Regional rail funding announcement imminent as 'wall of wood' grows
By Pattrick Smellie
Feb. 21 (BusinessDesk) - Extra funding to bring the Napier-Wairoa railway line back into full-time service appears
imminent, given signals yesterday from KiwiRail chief executive Peter Reidy and the announcement on Friday of the first
projects to get support from the government's $1 billion a year regional development fund.
Regional Development Minister Shane Jones is expected to announce around $70 million worth of project funding at an
event in Gisborne, with rail and other infrastructure expected to be part of the mix.
KiwiRail was invited to start running a weekend logging service between Wairoa and Napier in April last year, as a first
step towards the possible reinstatement of the whole rail link between Gisborne and Napier, which was washed out north
of Wairoa in storms in 2012.
However, the capital cost of bringing the Wairoa section back into service proved greater than expected, Reidy told
BusinessDesk.
Now, however, an alliance between the Port of Napier, Hawke's Bay Regional Council and KiwiRail means an announcement on
reopening the line, with potential to become a week-day service, is live.

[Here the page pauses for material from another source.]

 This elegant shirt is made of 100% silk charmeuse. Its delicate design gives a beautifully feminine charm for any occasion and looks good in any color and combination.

"In Napier, we've done a tripartite thing between HBRC, Napier port and ourselves and there'll be an announcement, I
think this week around that," said Reidy. "To go to a week-day service we'd have to invest in new assets. If the
forestry companies and the regional council are willing to keep investing in the line, we'd be willing to put some more
flatbed wagons on it and operate a five day a week service. That's the goal."

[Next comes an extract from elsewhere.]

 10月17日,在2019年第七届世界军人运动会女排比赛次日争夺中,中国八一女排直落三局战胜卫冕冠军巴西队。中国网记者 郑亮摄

However, that would only be the first leg of a wider plan for national rail upgrades and extensions, with Reidy now
publicly discussing the potential to justify a new railway line from Whangarei to Marsden Point with growth in log
exports through NorthPort as well as discussions with Port of Taranaki and Invercargill's SouthPort to increase the use
of rail to ship logs to port.
The Marsden Point rail extension and the reinstatement of commercial services between Auckland and Whangarei is a key
plank of the New Zealand First party's regional development policy, which is in turn a key part of the party's plans to
make its mark in the Labour-led coalition government.

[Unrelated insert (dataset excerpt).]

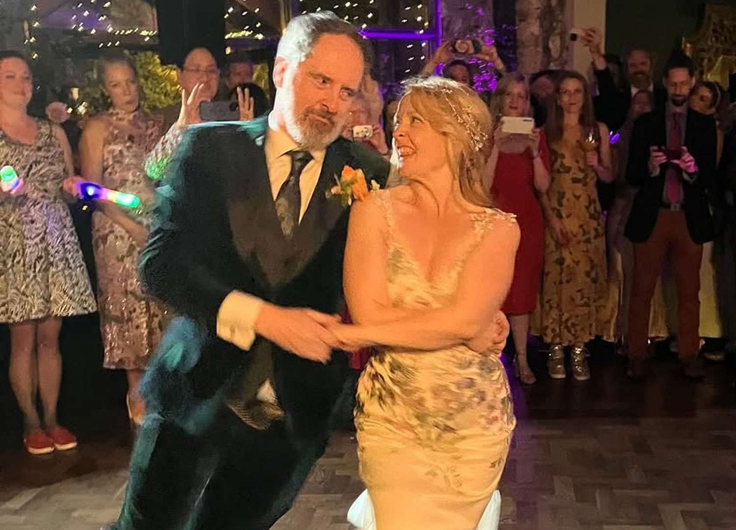 Le immagini condivise sia dalla sposa che dalla sposa, ottimista nei panni della signora Ledbater nel 2021, raffigurata nella serie vincitrice di Amy-Bi, li ritraevano nel loro abito da sposa, stavano di fronte a Jason Sudikis e camminavano nelle mani di Eilee e spegnevano la rabbia sulla pista da ballo.
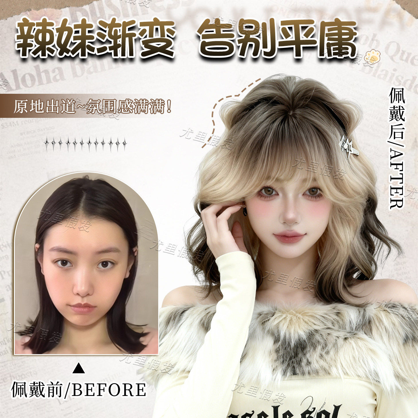 【渐变暹罗】假发女羊毛卷短发黑金渐变混血感短卷发仿真全头套

Reidy said KiwiRail was experiencing its strongest growth in log volumes from forests located more than 75 kilometres
away from a port. Any closer, and trucks are more competitive.
"Outside a 75km radius, we compete with trucks," said Reidy, noting that some of the proposals would see investment for
growth in the rail network for many years, instead of just maintenance.
However, he was less bullish about the potential to reopen the Wairoa-Gisborne connection. Even though Gisborne is the
country's second largest log export port, substantial investment would be required to bring the damaged line back into
service.
"We haven't put anything up yet in terms of upgrade, but if we get to Wairoa, who knows what the government might like
to do in terms of any development," he said.